Material for this exercise:
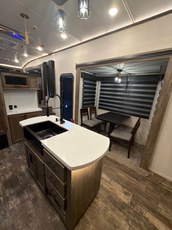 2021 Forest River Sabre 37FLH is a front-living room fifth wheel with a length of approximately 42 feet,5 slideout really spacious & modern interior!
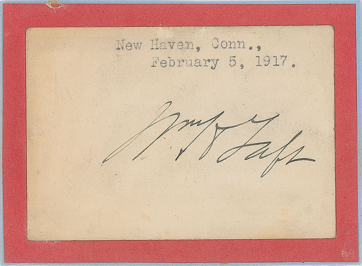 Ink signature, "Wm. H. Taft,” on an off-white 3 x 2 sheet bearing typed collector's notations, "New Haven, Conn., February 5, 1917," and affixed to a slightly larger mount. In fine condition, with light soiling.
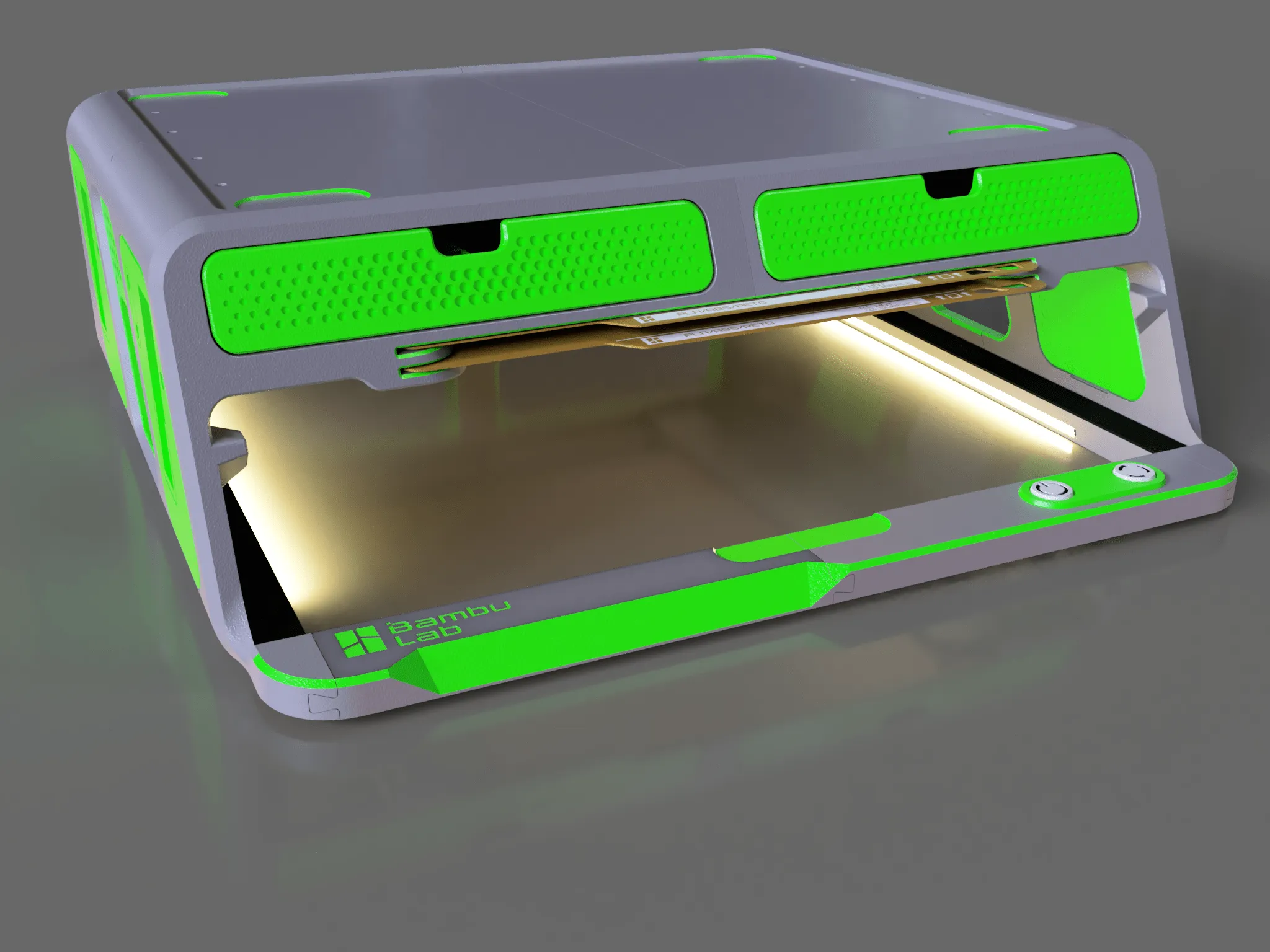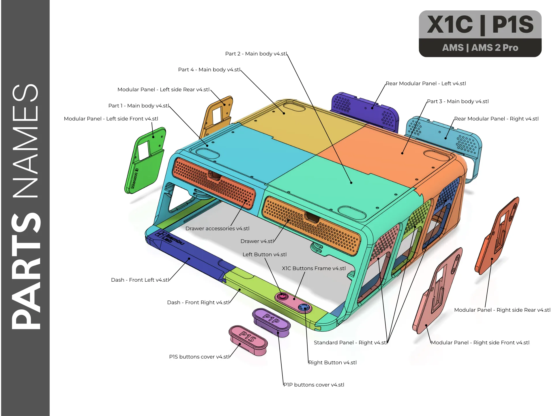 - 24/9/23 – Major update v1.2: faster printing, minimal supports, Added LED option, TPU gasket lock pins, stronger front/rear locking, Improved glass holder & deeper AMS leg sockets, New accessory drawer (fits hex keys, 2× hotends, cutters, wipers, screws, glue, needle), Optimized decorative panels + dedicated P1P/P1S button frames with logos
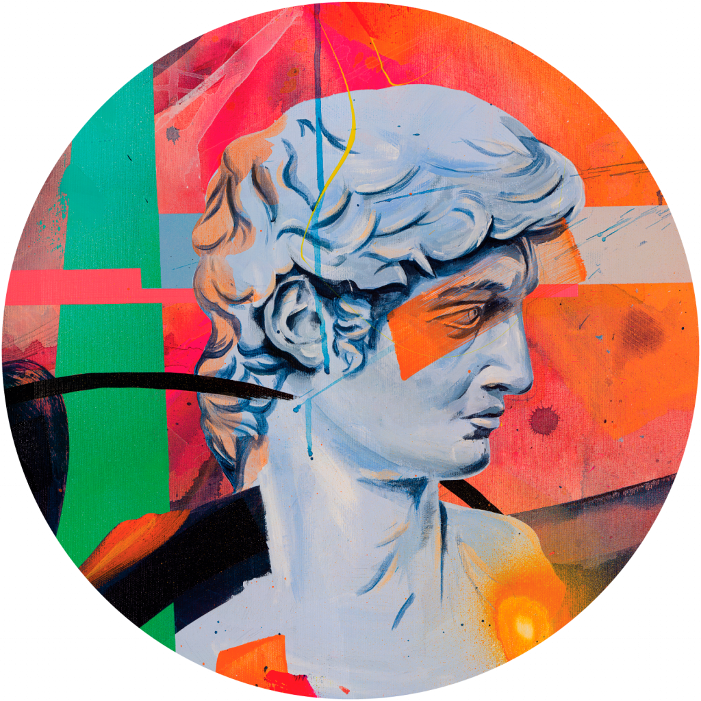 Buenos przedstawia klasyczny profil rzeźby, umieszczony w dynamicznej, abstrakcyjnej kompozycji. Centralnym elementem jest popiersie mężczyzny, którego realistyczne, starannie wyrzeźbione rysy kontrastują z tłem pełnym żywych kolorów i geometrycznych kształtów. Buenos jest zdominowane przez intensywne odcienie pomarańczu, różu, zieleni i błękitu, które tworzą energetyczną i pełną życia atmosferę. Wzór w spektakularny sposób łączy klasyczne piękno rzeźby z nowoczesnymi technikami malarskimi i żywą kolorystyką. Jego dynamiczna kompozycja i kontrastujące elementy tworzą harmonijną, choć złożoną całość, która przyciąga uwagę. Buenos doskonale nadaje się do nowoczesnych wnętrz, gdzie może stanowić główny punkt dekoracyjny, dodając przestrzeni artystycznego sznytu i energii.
---
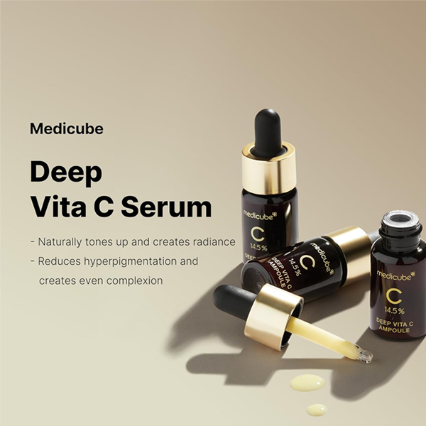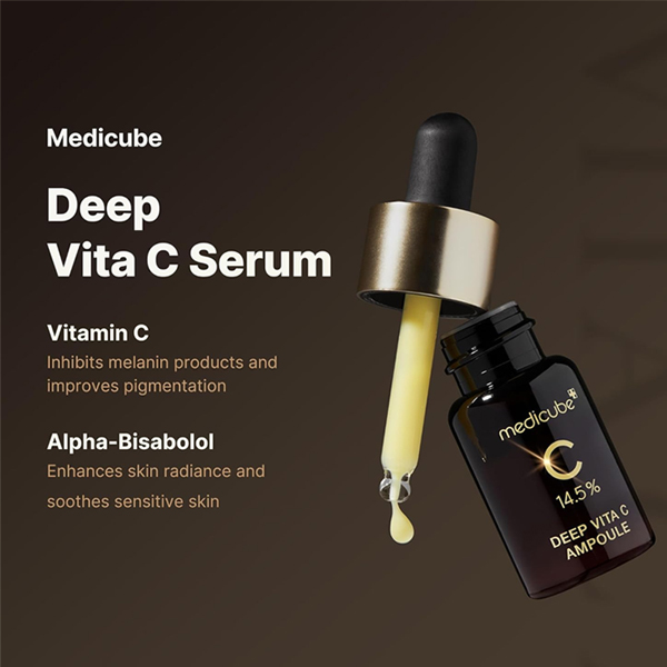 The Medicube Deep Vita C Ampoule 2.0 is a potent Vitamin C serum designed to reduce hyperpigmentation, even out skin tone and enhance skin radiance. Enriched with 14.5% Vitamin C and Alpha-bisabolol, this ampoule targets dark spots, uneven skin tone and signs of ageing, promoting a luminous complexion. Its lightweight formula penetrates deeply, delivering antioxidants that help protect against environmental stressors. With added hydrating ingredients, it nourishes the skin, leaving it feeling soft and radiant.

Task item: Start with the line above containing "2021 Forest River" and end with the line containing "Buenos przedstawia klasyczny". Set down that stretch exactly, without any pictures.

Finished exercise:
 2021 Forest River Sabre 37FLH is a front-living room fifth wheel with a length of approximately 42 feet,5 slideout really spacious & modern interior!
 Ink signature, "Wm. H. Taft,” on an off-white 3 x 2 sheet bearing typed collector's notations, "New Haven, Conn., February 5, 1917," and affixed to a slightly larger mount. In fine condition, with light soiling.
 - 24/9/23 – Major update v1.2: faster printing, minimal supports, Added LED option, TPU gasket lock pins, stronger front/rear locking, Improved glass holder & deeper AMS leg sockets, New accessory drawer (fits hex keys, 2× hotends, cutters, wipers, screws, glue, needle), Optimized decorative panels + dedicated P1P/P1S button frames with logos
 Buenos przedstawia klasyczny profil rzeźby, umieszczony w dynamicznej, abstrakcyjnej kompozycji. Centralnym elementem jest popiersie mężczyzny, którego realistyczne, starannie wyrzeźbione rysy kontrastują z tłem pełnym żywych kolorów i geometrycznych kształtów. Buenos jest zdominowane przez intensywne odcienie pomarańczu, różu, zieleni i błękitu, które tworzą energetyczną i pełną życia atmosferę. Wzór w spektakularny sposób łączy klasyczne piękno rzeźby z nowoczesnymi technikami malarskimi i żywą kolorystyką. Jego dynamiczna kompozycja i kontrastujące elementy tworzą harmonijną, choć złożoną całość, która przyciąga uwagę. Buenos doskonale nadaje się do nowoczesnych wnętrz, gdzie może stanowić główny punkt dekoracyjny, dodając przestrzeni artystycznego sznytu i energii.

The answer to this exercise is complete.